Ashtabula Horror - Train Wreck Disaster
Ashtabula, Ohio
"The Ashtabula Horror" so traumatized this city that three memorials commemorate it: a plaque near the crash scene, an obelisk in the cemetery, and an audio memorial outside of the hospital.
It happened on December 29, 1876, when the Ashtabula Creek Bridge collapsed into a 70-foot-deep gorge.
In a blizzard.
With a train on top of it.
Ninety-two of its 159 passengers and crew were killed. As if the crash weren't bad enough, the passenger cars' stoves caught fire and incinerated many of the survivors.
Then robbers invaded the flaming wreck and murdered several more.
This disaster was so bad that it reportedly killed railroad magnate Cornelius Vanderbilt from shock. The bridge designer later committed suicide. The railroad's chief engineer was murdered and it was made to look like a suicide. Ashtabula became a shunned town, its growth stunted, with homeowners and businesses bypassing it in favor of Cleveland.
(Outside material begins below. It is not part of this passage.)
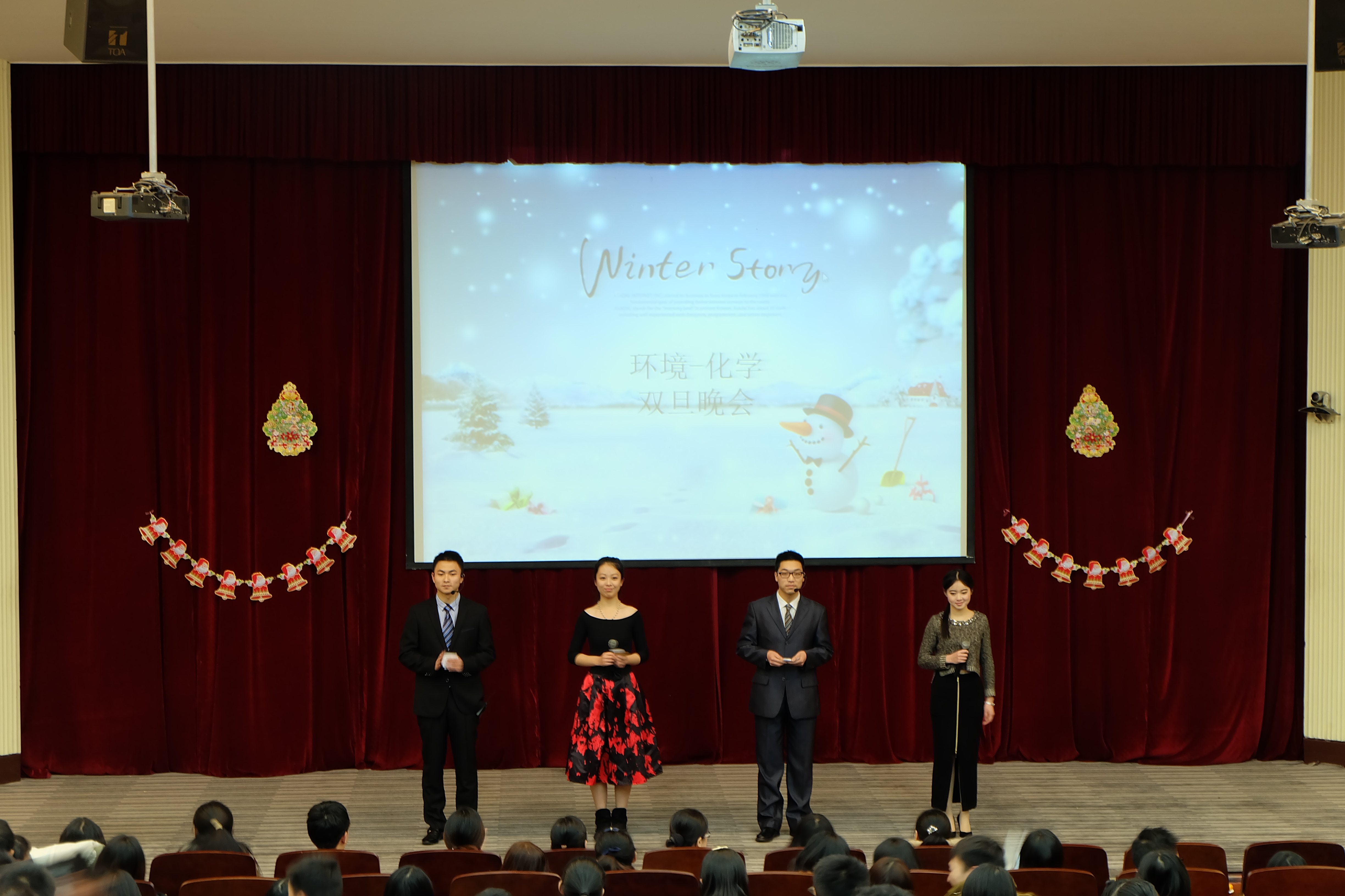 2014年12月20日晚六点半,由bat365官网登录入口和化学系联合主办的“环境-化学研究生双蛋晚会”在逸夫楼一楼报告厅火热上演。bat365官网登录入口党委副书记钱昕老师、化学系党委副书记相波老师共同出席了本次晚会并发表致辞,我院学工办陆丽君老师、各班班主任以及两个学院三百余位同学欢聚一堂,共同庆祝即将到来的圣诞与元旦节日。

Overall, not much to commemorate, but Ashtabula makes the best of what it has.
The train wreck historical marker used to be down by the railroad tracks, just west of the crash scene, but it's been moved north to the grounds of the Ashtabula County Medical Center. It notes that The Ashtabula Horror "is listed as one of the world's ten worst technology disasters in the past 375 years."